Проводник появился в гостинице незадолго до полуночи. Его клиентов там набралось человек двадцать, из коих - две медсестры, один американец (он видел мое фото в нью-йоркской коммунистической газетке), а еще немцы, австрийцы, один британский журналист… Среди нас имелись бывшие солдаты, инженеры, специалисты-подрывники. И один поэт.
Проводник ориентировался в Пиренеях, как я - в льяновском садике моего отца. Каждая тропка, ручеек, выступ скалы - ему все это было знакомо и близко. Он точно знал, в какую минуту появятся пограничники и где это будет; казалось, он предугадывает, о чем они собираются говорить и в какую сторону свернут, чтобы облегчиться. За пять минут мы перешли границу. Там за дело взялся другой проводник и сопроводил группу в лагерь у Альбасете, где нас для начала рассортировали по навыкам, желаниям и способностям рекрутов. Мне предстояло начинать с нуля. Профессии у меня не имелось, а как боец я не стоил ломаного гроша. Поэтому меня направили в лагерь "Ленинград" у Барселоны, где учили обращаться с легким стрелковым оружием, бросать гранату так, чтобы тебя не подстрелили, и коммунистической методике ползти под огнем все вперед и вперед, никогда не отступая. Я из кожи вон лез, чтобы Санчес (так меня теперь звали) себя не посрамил, но инструкторы, вскоре выбившись из сил, вынуждены были признать очевидное: я неловок, к бою непригоден и не рожден для этой благородной профессии. Посему меня направили к тем, кто занимался "пропагандой и культурой".
От этого лагеря, как и от всех остальных, что давали мне пристанище во время моего пребывания в Испании, у меня осталось множество хороших и грустных впечатлений. Все там либо воспламеняло меня, либо подавляло. Товарищество, смелость, взаимовыручка этих мужчин и женщин, покинувших свои семейные очаги, чтобы защищать землю свободы, дают мне основание гордиться, что я их знал: об их душевном величии еще не все сказано. Врачи и таксисты, университетские преподаватели и наемные работяги с виноградников, скептически настроенные интеллектуалы и идеалисты-рабочие, романтического склада девушки и серьезные, преданные делу военные - все они приезжали из далеких и близких стран, чтобы помешать Франко растоптать красоту и замарать грязью благородство этого народа, влюбленного в солнце и в самопожертвование. Все, от коммунистов до анархистов, обращались друг к другу на "ты", помогали друг другу, делясь решительно всем. И все пели. У лагерных костров и в сараях, в одиночку и хором, фламенко и русские песни, по-французски, на идише, по-английски, все пьянели от разговоров, забавных баек, от надежды. Казалось, сама история мобилизовала их на борьбу с варварами, все хотели быть сильными и чистыми, как праведники в старину, все желали освятить то дело, во имя которого убивали и умирали, ну да, гражданин следователь, вы слишком молоды, вы не можете знать… В то время еще находилось место надеждам и дружбе.
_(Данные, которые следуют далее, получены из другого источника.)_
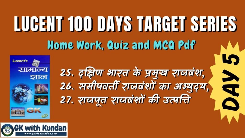 Lucent Day 5 Target; Home Work, Quiz and Quiz Pdf (दक्षिण भारत के प्रमुख राजवंश, 26. समीपवर्ती राजवंशों का अभ्युदय, 27. राजपूत राजवंशों की उत्पत्ति)
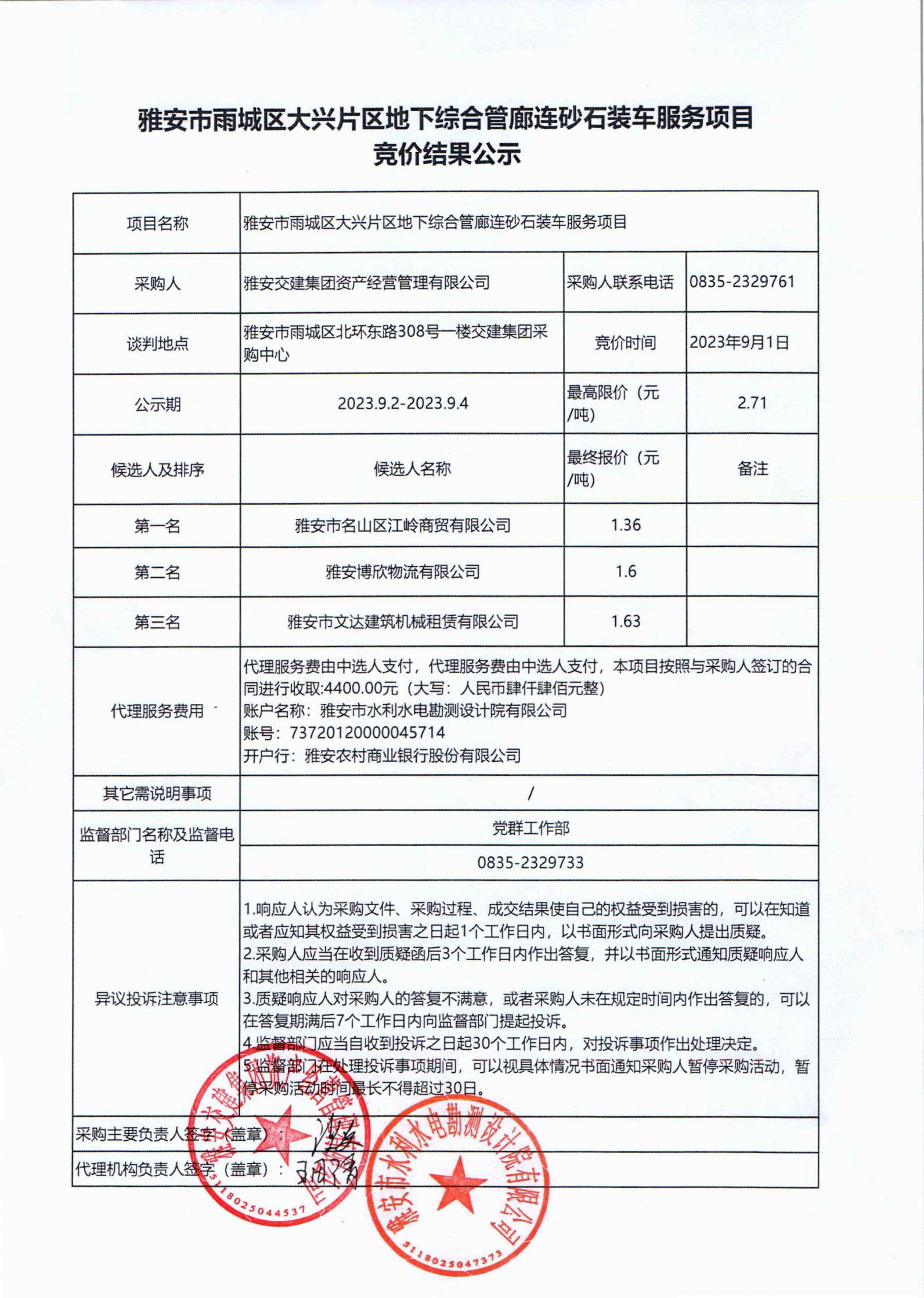 雅安交建集團資產(chǎn)經(jīng)營管理有限公司大興片區(qū)地下綜合管廊連砂石裝車服務(wù)項目競價結(jié)果公示

Однако… оставались еще ужас и тоска - их тут было больше, чем в предыдущих войнах. Эта война замыкала все в кольцо: шла самоубийственная бойня, народ сам себя истреблял. Конечно, существовали принципиальные различия, разные верования, идеалы: наши единомышленники сражались за человеческое достоинство, а их противники - за рабство разума. Но зверства и с одной стороны, и с другой было поровну.
Около Кордовы в деревне, вновь отвоеванной нашими, я видел, что фашисты сделали с пленными: там в Народном доме лежали непристойно обезображенные мертвые тела. Еще долго они мне снились, а когда я был рядом с женщиной, всякое желание пропадало при одном воспоминании об этой сцене. Оскопленные мужчины, женщины со вспоротыми животами, трое бойцов, опущенных в колодец вниз головой с ногами, привязанными к перекладине. Ничего более тошнотворного я в жизни не видал. И никогда еще не испытывал такой ненависти.
Там были люди, закопанные в землю по самые глаза, трое пленных, повешенных на ветви одного платана, были и другие, доведенные до безумия жаждой или болью. Фашисты забавлялись с жертвами, прежде чем их добить. Унизительные, садистские забавы, продолжающие мучения несчастных уже за пределами смерти.
Как хороший пропагандист, я объезжал центурии и бригады, моя ненависть очень распаляла людей. "Наше дело - правое, - восклицал я, - ибо дикость наших врагов заставляет человека стыдиться своей гуманности!"
После таких слов наши лоялисты и сами не проявляли излишнего великодушия. Разрушенные церкви, распятые священники, четвертованные монашки - все это я тоже видел. И никогда не забуду.
Помню церковь в Паломе, где-то на землях Теруэля. Статуя Богородицы на земле, рядом с ней - мертвая молодая женщина с задранной юбкой и раздвинутыми ляжками. Возле нее - другая лежащая статуя. И еще изнасилованная женщина. И так - от входных дверей до алтаря.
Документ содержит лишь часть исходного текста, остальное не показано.